Алжир. Изгнанник в изгнании
В Алжире Антуан поселился у доктора Пелисье, где и прожил восемь месяцев. Восемь бесконечных месяцев, несомненно, самых тяжелых, черных месяцев за все его существование.
В Алжире, где находится временное правительство Франции (сформированный 3 июня 1943 года французский Национальный комитет освобождения), политические страсти не утихают. В политической и военной среде ведутся всяческие интриги, точно Франция в самые мрачные периоды своей истории, как и в самые славные, не способна была без них обойтись. После короткого периода двоевластия (так как лондонскому Национальному комитету, несмотря на противодействие союзников, удается перебраться в Алжир) де Голлю, умело сманеврировавшему, и внутреннему Сопротивлению, опасавшемуся реакционных взглядов Жиро, удается почти полностью устранить его с политической арены. Правда, формально он еще делит власть с де Голлем и за ним временно сохраняются функции военачальника французских вооруженных сил, поскольку вооружение их устарело и переоснащение армии зависит целиком от американцев.
Рядом с теми, кто сражается, в Алжире находятся и те, кто, как это кажется, создан единственно для низменных махинаций, погони за местами и наградами и даже для ненависти. «Ненависть, все проходит под знаком ненависти. Бедная родина!» – пишет Сент-Экзюпери.
В письме от декабря 1943 года на имя генерала З. по поводу травли, которой он подвергается за «Военного летчика», Сент-Экзюпери говорит:
«Для меня весьма удивительно, что известная атмосфера полемики может исказить столь простой текст. Мне совершенно безразлично, что алжирские тыловики что-то бормочут и толкуют о моих скрытых намерениях. Намерения, которые они мне приписывают, так же похожи на мои намерения, как я на Грету Гарбо. Плевать я хотел на их мнение, если даже оно приведет к запрещению моей книги в Северной Африке. Я не торговец книгами. Предположите, что я Монтень .и публикую „Опыты“ в каком-нибудь алжирском журнале, а эти хотят непременно найти в них объяснение в связи с вопросом о перемирии. Какие только макиавеллевские махинации не откроют в моих текстах?
Да, я говорил об ответственности.
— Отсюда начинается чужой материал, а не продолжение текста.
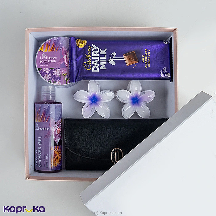 Celebrate your mom with this elegant and thoughtful Mother`s Day Purple Bliss Gift Set. Beautifully packed in a premium gift box, this charming set includes a stylish wallet, luxurious body scrub, refreshing shower gel, delicious chocolate, and decorative flower clip. A perfect combination of beauty, relaxation, and sweetness to make her feel truly special on her day. Ideal for gifting love and appreciation to the most important woman in your life.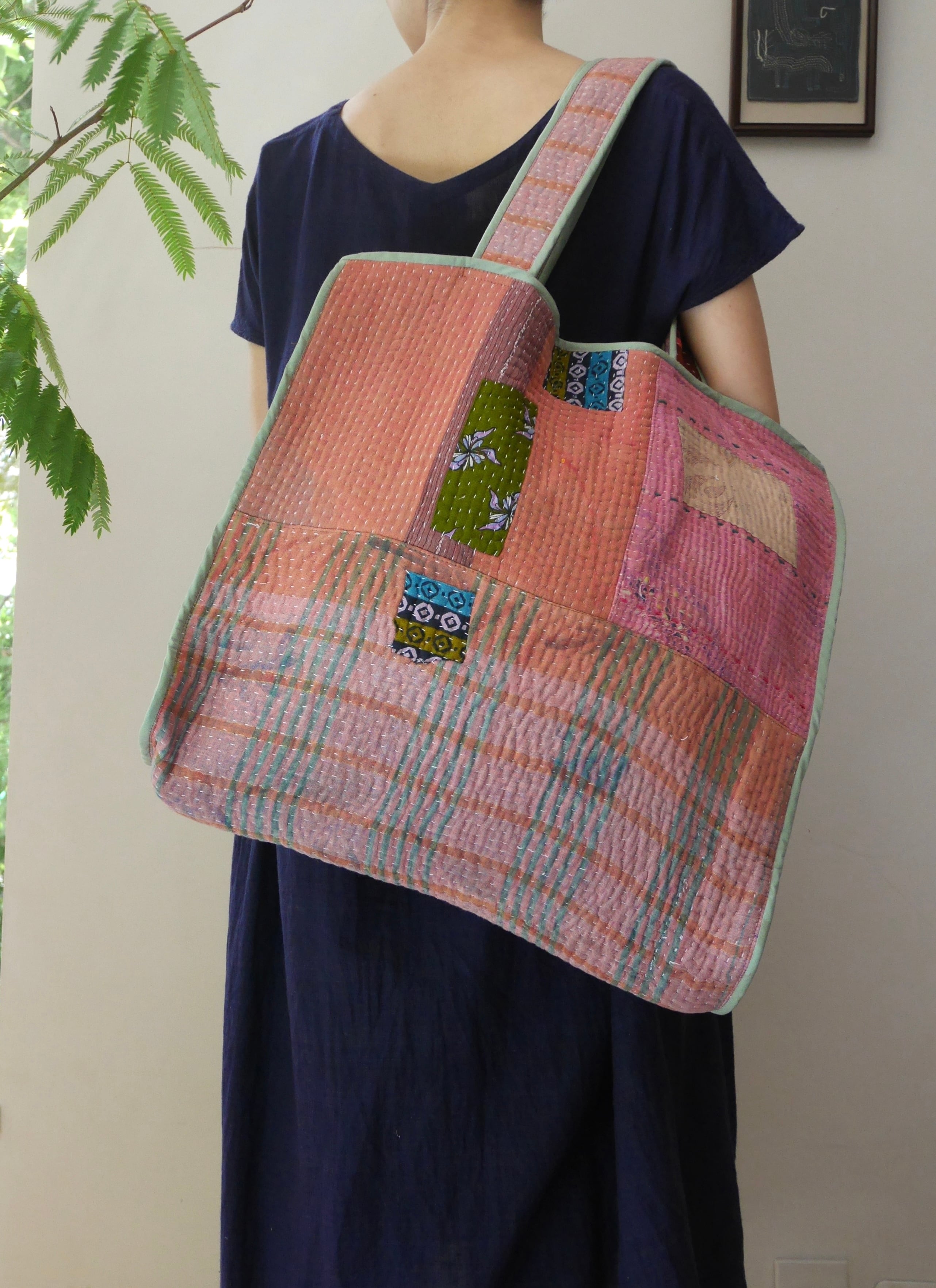 どっさり、たっぷり入る大きいサイズのトートバッグ。ステッチの入ったラリーキルト布を使っているので強度もあります。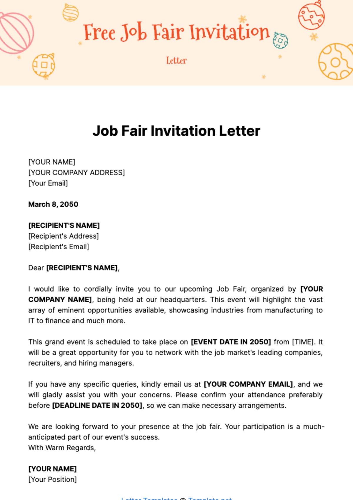 We are delighted to invite you to our upcoming job fair on [Date] at [Location]. This event will bring together a diverse range of employers from various industries who are actively seeking talented individuals like yourself to join their teams. Whether you are looking for a full-time position, an internship, or a part-time job, our job fair has something for everyone.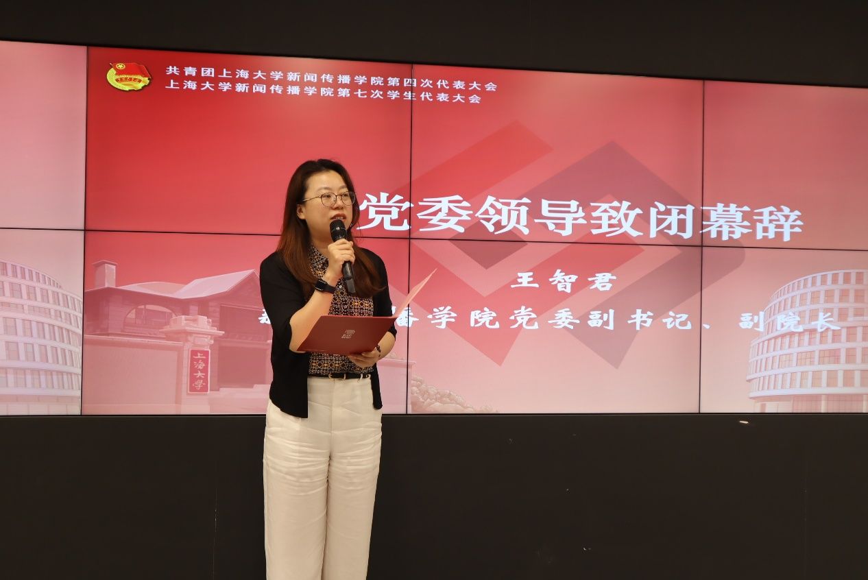 beat365唯一官网新闻传播学院党委副书记、副院长王智君致闭幕词。她向新当选的团委委员、学生会主席团成员致以热烈祝贺,向辛勤筹备会议的师生致以诚挚谢意。她指出,共青团工作是党联系青年的桥梁纽带,新一届团学干部要继续引领新传青年坚定理想信念、扛起硬核担当,团结带领全院青年在“四力”淬炼中展现新传风采,在青春赛道上奋力跑出最好成绩。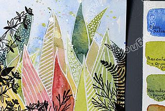 Hello, hello ! Une nouvelle réa pour les challenges de Manuela. Le numéro 13 – Technique : Dégradé, couleurs : Nuances de verts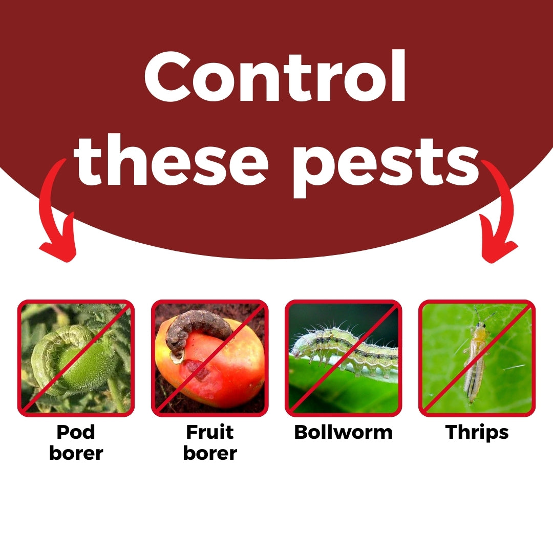 Controls a wide range of pests including bollworms, pod borers, fruit borers, shoot borers, thrips, mites, and loopers.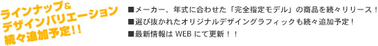 COBOO-G KITとは、COBOO STUDIOが独自に製作したデザイン性に優れたボディデカールキットです。 特定のモデル専用なので、ガイドに沿って作業すれば簡単、あなたの愛車も気軽にドレスアップ! バリエーションに富んだデザインの中から、お気に入りのデザインを選んでSTREETを走れば注目の的 間違いなしです!!

Но, черт возьми, я был ясен, я ни строчки не написал о чудовищ» ном тезисе французской ответственности за поражение. Я совершенно ясно сказал американцам: «Ответственны за поражение вы. Мы были сорок миллионов пахарей против восьмидесяти миллионов промышленников. Один человек против двух, один станок против пяти. И если бы даже какой-нибудь Даладье и превратил весь французский народ в рабов, он не смог бы выжать из каждого человека сто рабочих часов в сутки. Как бы ни управляли Францией, гонка вооружений имела бы конечным: результатом одного бойца против двух, одну пушку против пяти. Мы соглашались помериться силами один против двух. Мы соглашались идти на смерть. Но для того чтобы наша смерть принесла какую-то пользу, надо было бы получить от вас те четыре пушки, те четыре самолета, которых нам недоставало. Вы хотели, чтобы мы спасли вас от нацистской угрозы но продолжали строить исключительно „паккарды“ и холодильники. В этом единственная причина нашего поражения. И все же это поражение спасло мир.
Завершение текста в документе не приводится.